今週はマッキーのニューアルバム「悲しみなんて何の役にも立たないと思っていた。 」がヘビーローテーションです。10年来のファンですから、もちろんでございます。

マッキーは「たとえ話」が素晴らしくうまいんですよね。何かしらの思いや感情を伝えるとき、マッキーは誰もが日ごろ使っている普通の言葉を、日常的でありふれた場面とセットで、さりげなくそっと出してくるんです。それは実はものすごくテクニカルでセンシティブな言葉なんですけど、あまりに普段着の格好をしていて、しかも音楽が超ポップ。だからすっと入ってきてズキーーーンと来るんですよね。聴くたびに「うわーやられたー」って思ってしまいます。

今回のアルバムに「カイト」という歌があって、これがまた思わず口ずさんでしまうメロディーなんですが、そのサビの部分を紹介します。

向かい風をうけながら高くあがって行くカイト
追い風が吹かないことをどうか嘆かないで
君がもしも違う方へ飛んでしまわぬように
いつでも僕は君の糸をもっているから

君と僕の関係を「凧揚げ」をたとえに描いているわけです。メッセージとしてはありふれているかもしれません。でも「追い風」ではなく「向かい風」で上昇する凧に人の生き様を重ねる感性には、もう脱帽するほかないなぁと思ってしまいます。

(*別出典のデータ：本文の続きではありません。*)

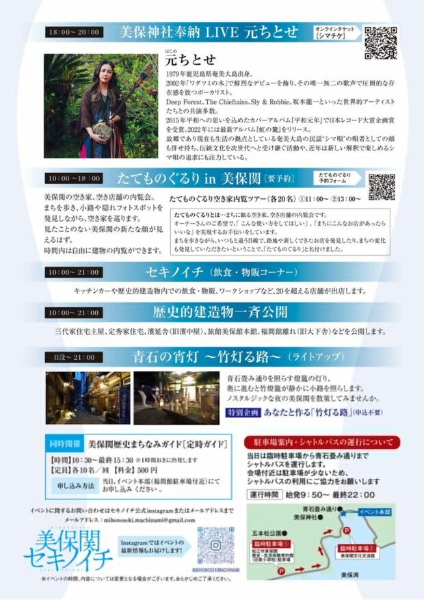 音楽LIVEでは奄美大島の歌姫「元ちとせ」さんが一夜限りの奉納LIVEを行います。
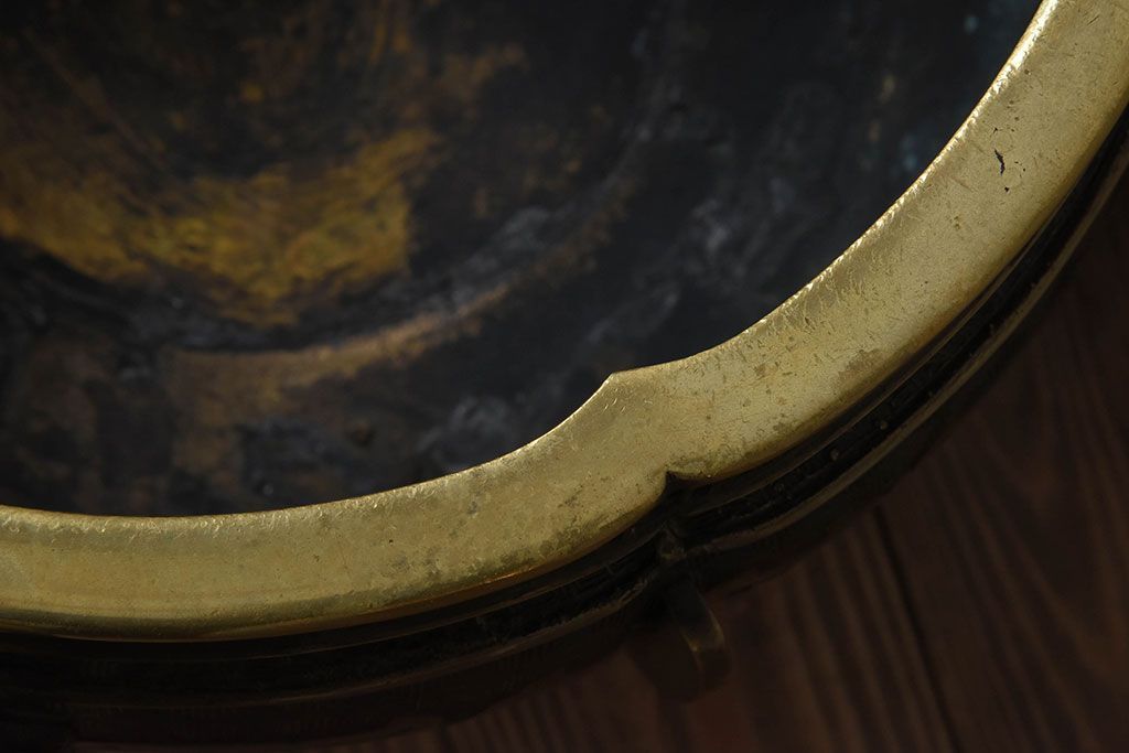火鉢> 長火鉢 > アンティーク雑貨 古民具・骨董 木製台座付き!饕餮(とうてつ)紋の古い真鍮製火鉢(2)
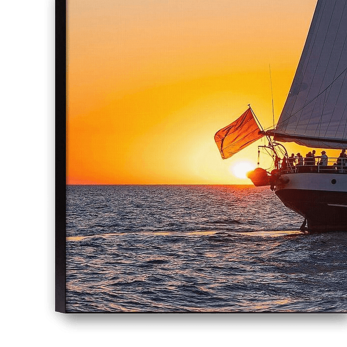 Segelschiff im Sonnenuntergang auf der Hanse Sail in Rostock.
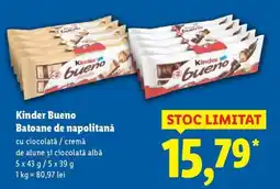 | 1 | Kinder Bueno Batoane de napolitană 5 x 43 g/ 5 x 39 g | Lidl | 15,79 RON | 27 decembrie 2025 | 31 decembrie 2025 | Vezi oferta | |||
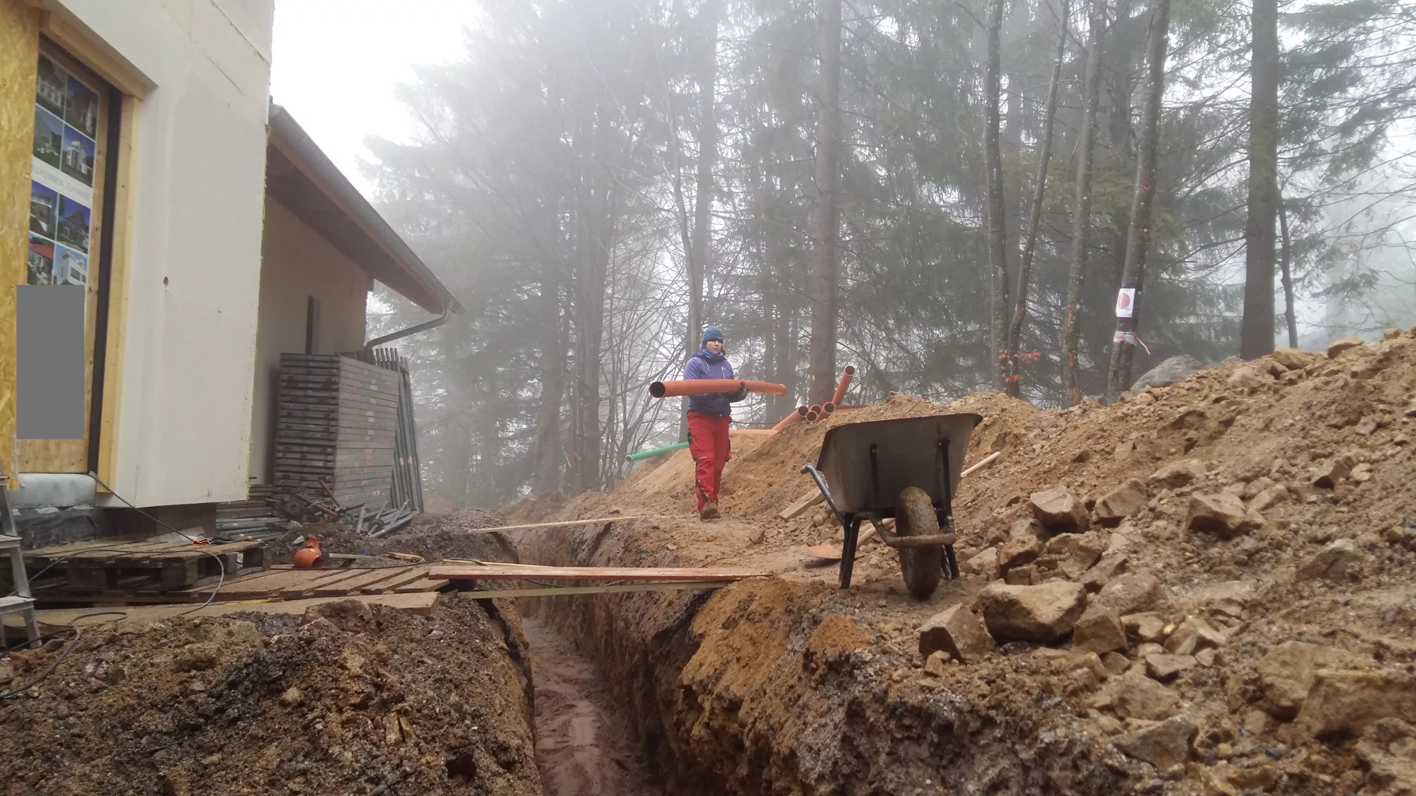 We had used excavators before, we had moved tons and tons of material on the driveway with it. But we were afraid, like all normal new homeowners, that we would do a mistake on this so very important step of the construction, because (of course) we never did anything like this before. Mathias knew someone who had done it: he was a handyman he knew his whole life. Naturally, we asked him how much it would cost us. He told us that a total of 2.000 Euros and a week would be enough. Without any options, pressed by building deadlines and running low on money, we took the offer, believing that because we knew him, the deal was safe. Oh, what a mistake!
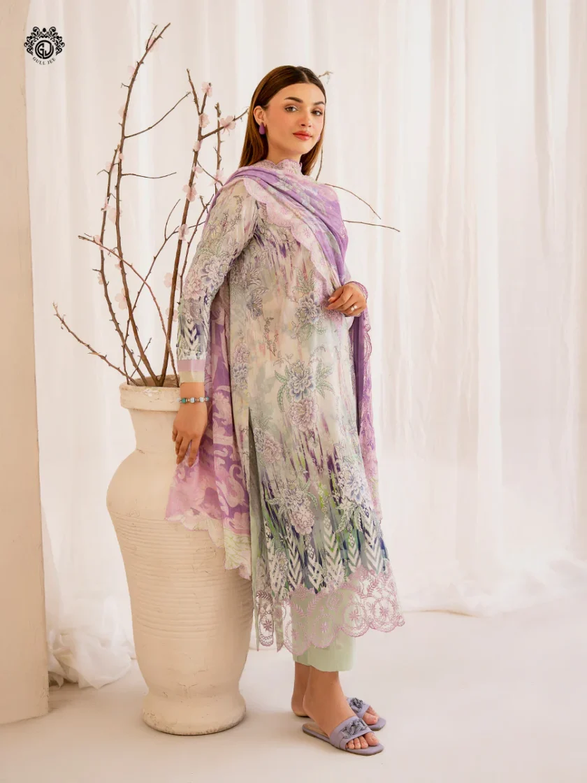 Unstitched 3Pc Embroidered Lawn Dress GullJee Morja 1305
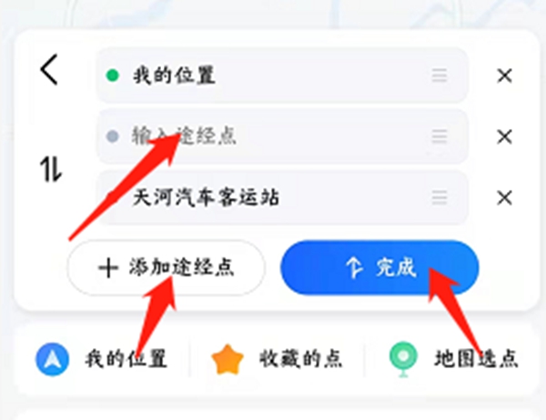 3、输入途经点的名称并点击添加,最多可添加三个途经点。添加完成后,点击完成。
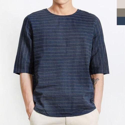 남성 여름 린넨 라운드 반팔 니트티 BOP088
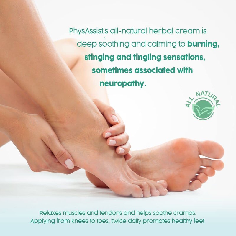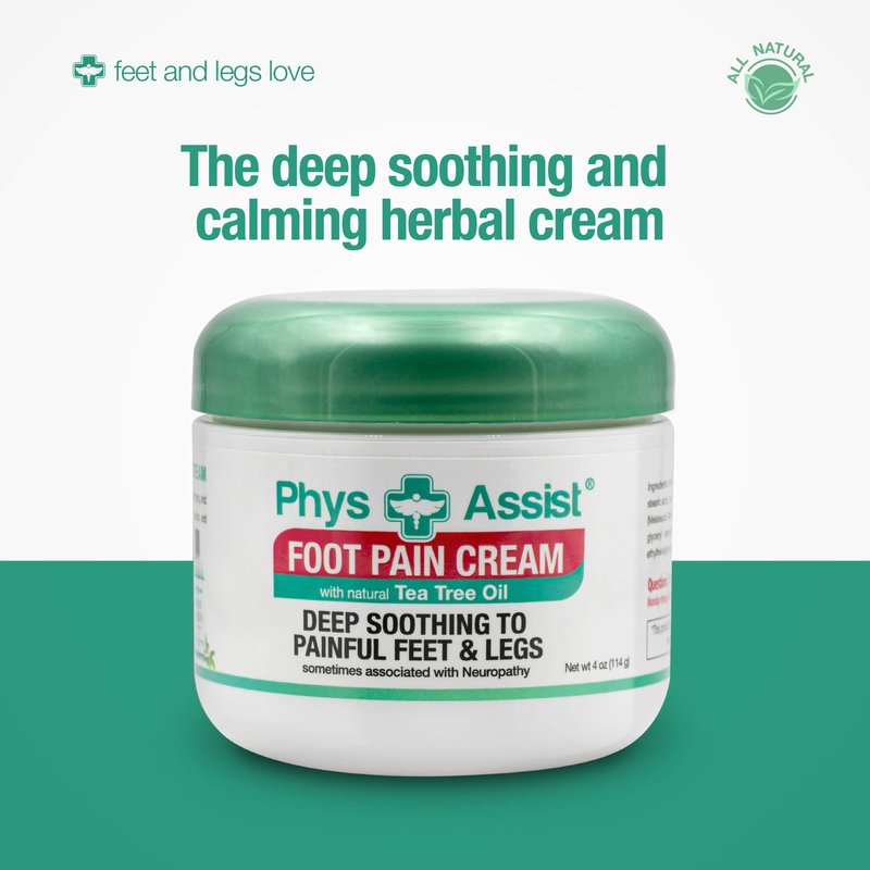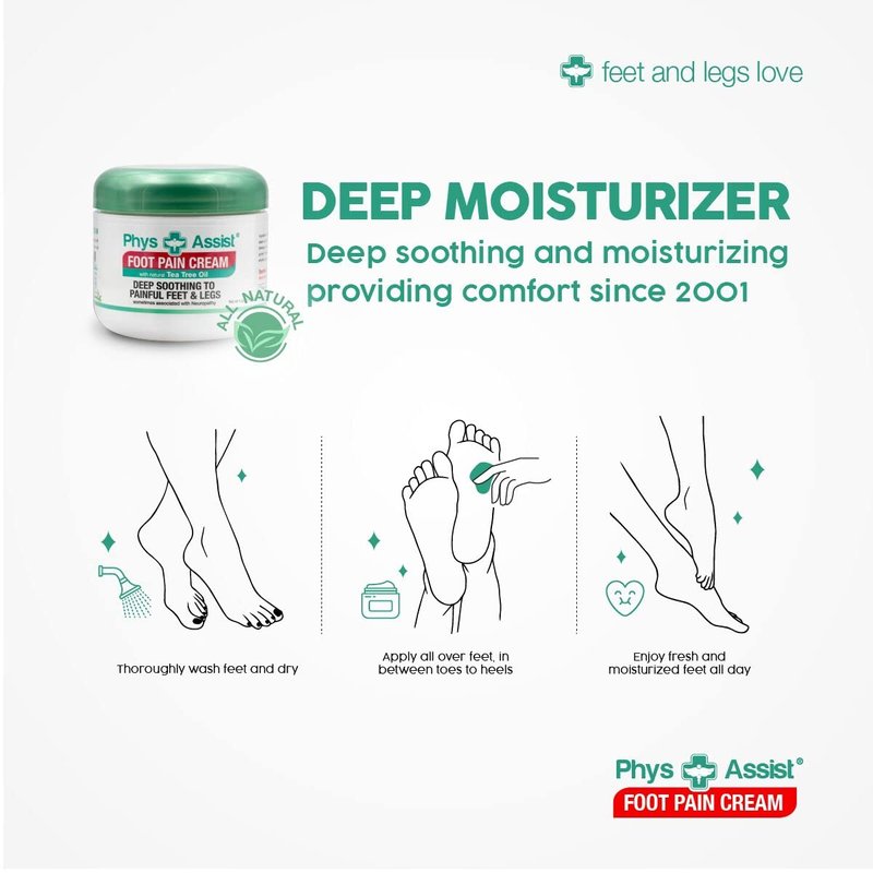 - Offers deep soothing comfort to feet and legs with hydration. Deeply moisturizes leaving feet feeling renewed and invigorated. Natural ingredients; this precision-made formula contains natural oils and extracts of Tea Tree, Peppermint and Arnica along with Glycerin Jojoba Oil and Vitamin E. heels. This reach cream is easily absorbed non- grease and offers a clean fresh scent leaving feet and legs feeling refresh and rejuvenated. Physassist foot cream is free of alcohol, paraben and color

言葉は情報を伝える記号だと考えるなら、伝わるのならどんな言葉でも構わないはずです。でも情報はそもそも伝わらないものでもあるから、言葉は生きもののように、それ本来の意味だけでなく文脈や文化や歴史や偶然を背負うことになる。そして、その言葉を発した人の思いと、受け取る人の思いがそれに混じって、情報になる。

マッキーの歌の深さは、そこをきちんとふまえられていることにあるような気がします。